I make an another test : install barman 3.9 on a rocky linux 8 which makes backup of postgresql instance under rocky linux 8 too, I don't have any warning/errors about rsync. I uploaded the diagnose result for this test : diagnose_rocky9.json

Regards

dblugeon commented 8 months ago

Hello, I make another tests and actually, I can't reproduce the problem. I isolate that my first postgresql vm has only affected by this problem. I schedule another test the next week, depending his result, I will close this issue.

Regards

dblugeon commented 8 months ago

Hello @gcalacoci, I found what is the problem. It wasn't a problem from barman but from rsync.

Rocky/RHEL/xxx 9 has rsync in 3.2.3 version and this version is affected by WayneD/rsync#84.

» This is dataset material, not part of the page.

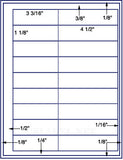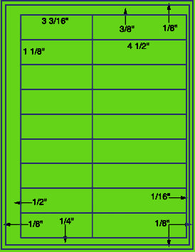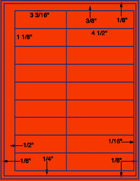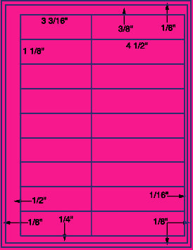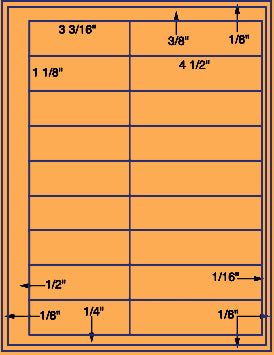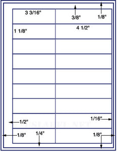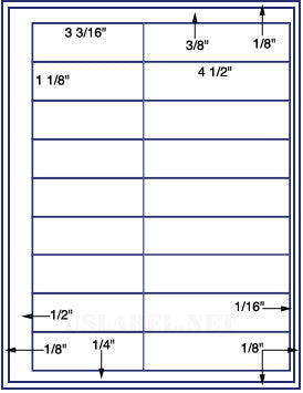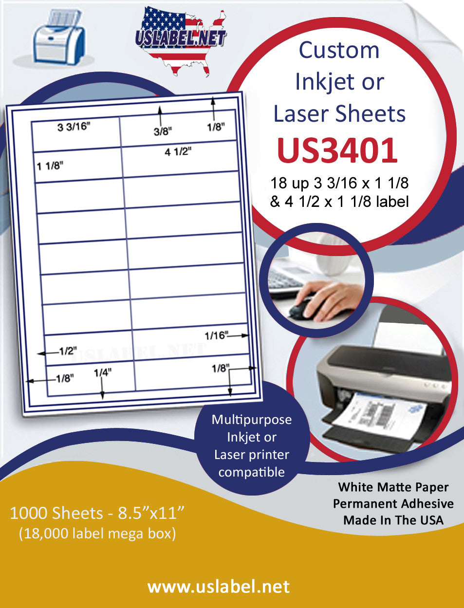 This is a 18 up 3 3/16" x 1 1/8" & 4 1/2" x 1 1/8" label on a 8 1/2" x 11" inkjet or laser label sheet 1,000 sheet box = 18,000 Labels. Now available in 39 different label stocks. Make your selection under the Label & Adhesive Options.US3401-3 3/16''x1 1/8''-18 up on a 8 1/2" x 11" label sheet.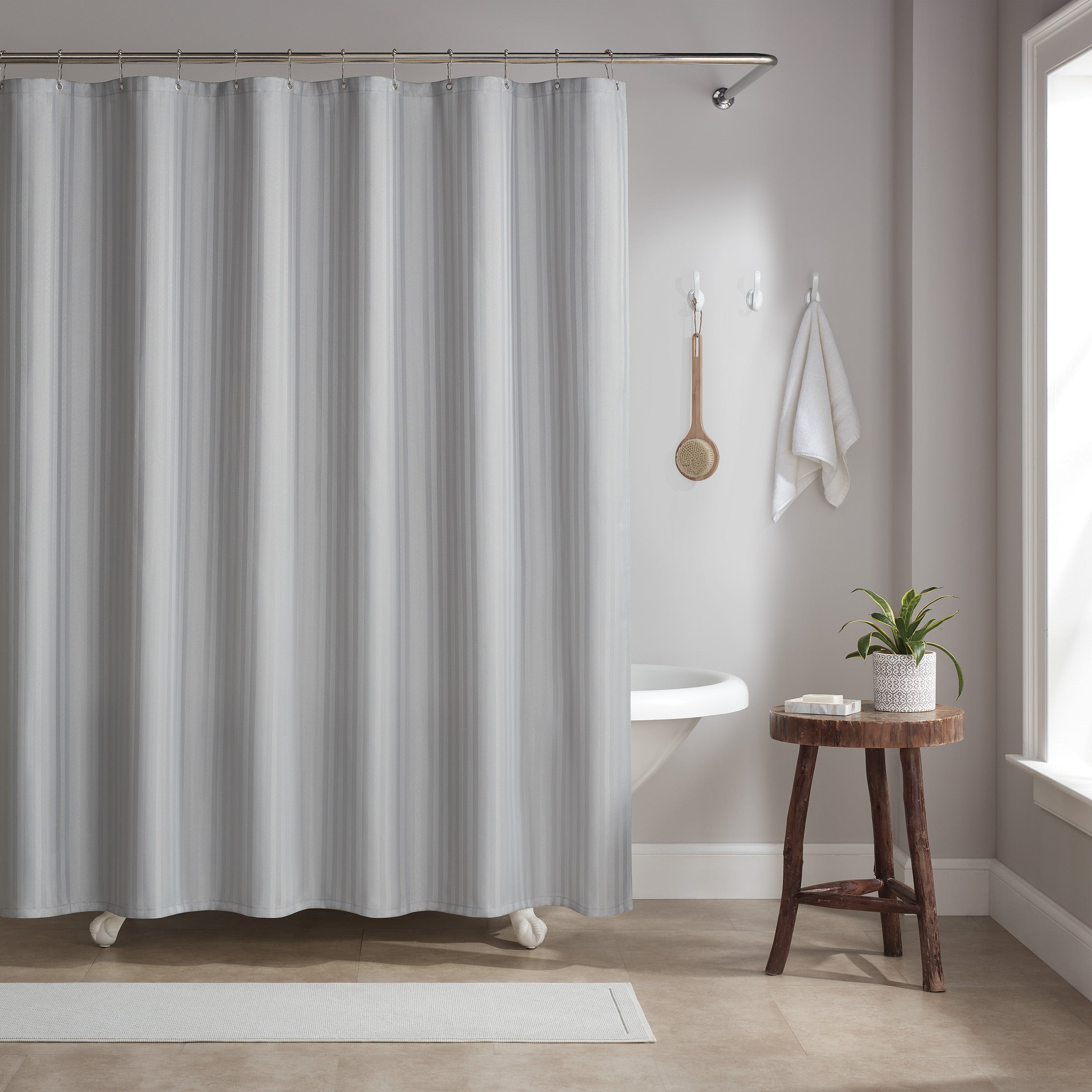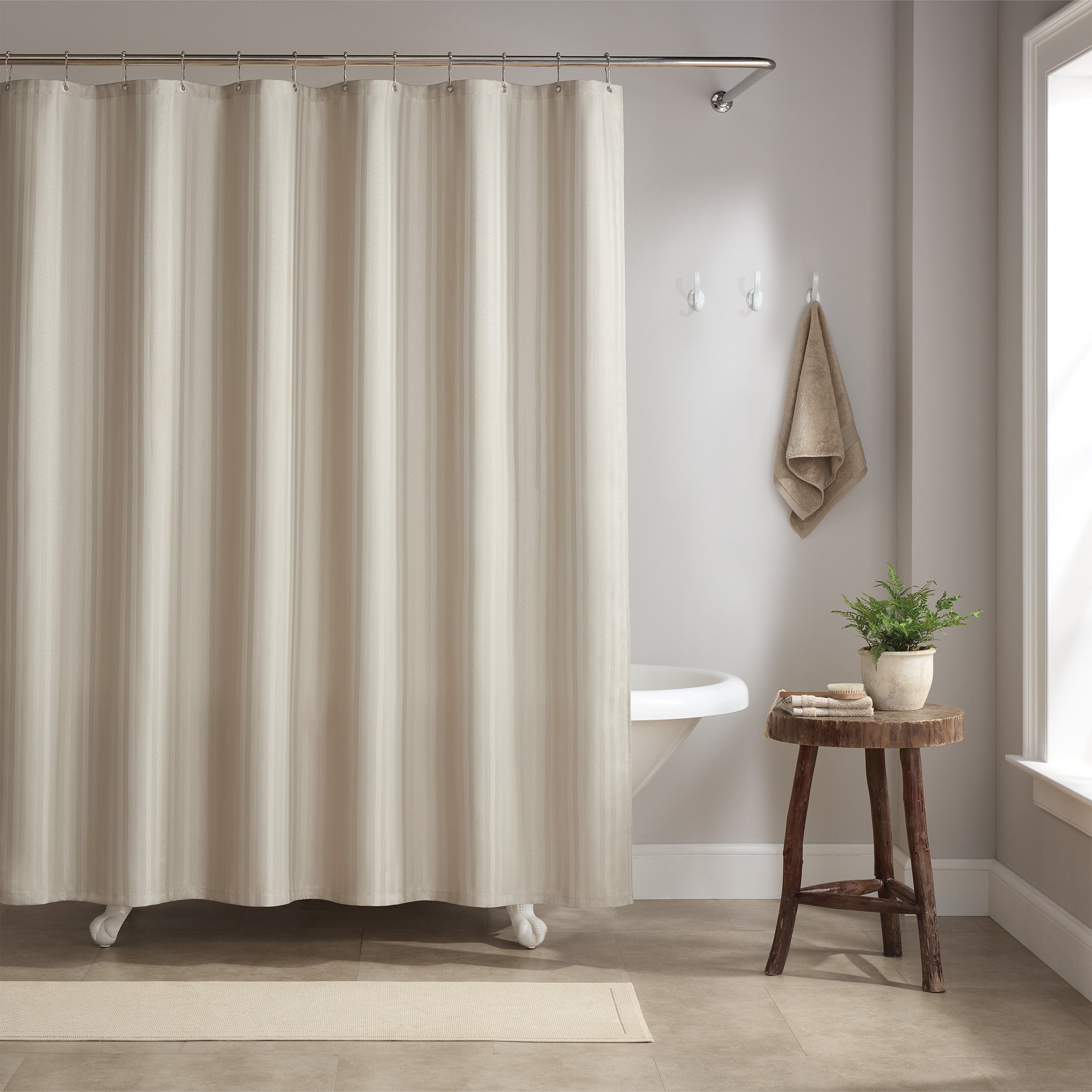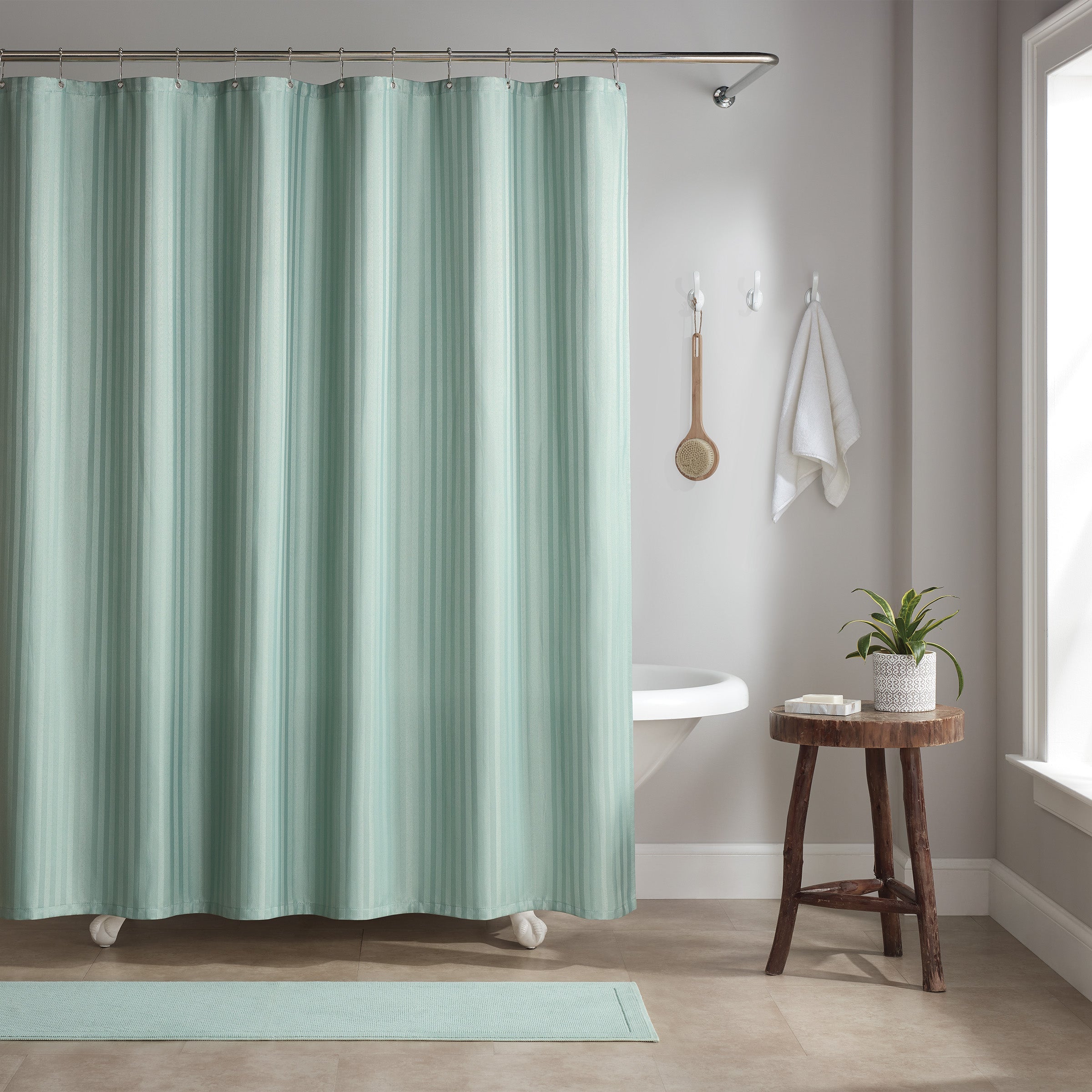 This stunning premium quality shower curtain set has a lovely solid color damask and is designed with a regal double woven reverse vertical stripe that creates an illusion of texture and depth. This premium quality shower curtain set is complete...  Read more

You can have theses warnings if:

To fix these warning:

I check the debug log during a backup. Barman use this options in this first attempt

rsync .... -e "ssh 'postgres@PG_VM.acme' '-o' 'BatchMode=yes' '"... --ignore-missing-args --itemize-changes --itemize-changes --no-human-readable --list-only -r /path/PG_VM/base/20240115T103614/16404/ It's failed with rsync 3.2.3 and barman fail back with rsync .... -e "ssh 'postgres@PG_VM.acme' '-o' 'BatchMode=yes' '"... --itemize-changes --itemize-changes --no-human-readable --list-only -r /path/PG_VM/base/20240115T103614/16404/ then in the last attempt rsync ... --itemize-changes --itemize-changes --no-human-readable --list-only -r :/path/PG_VM/base/20240115T103614/16404/

So these warnings are not real problem, thanks to these barman's fall-back.

Thank you for your time and sorry for the disturbance.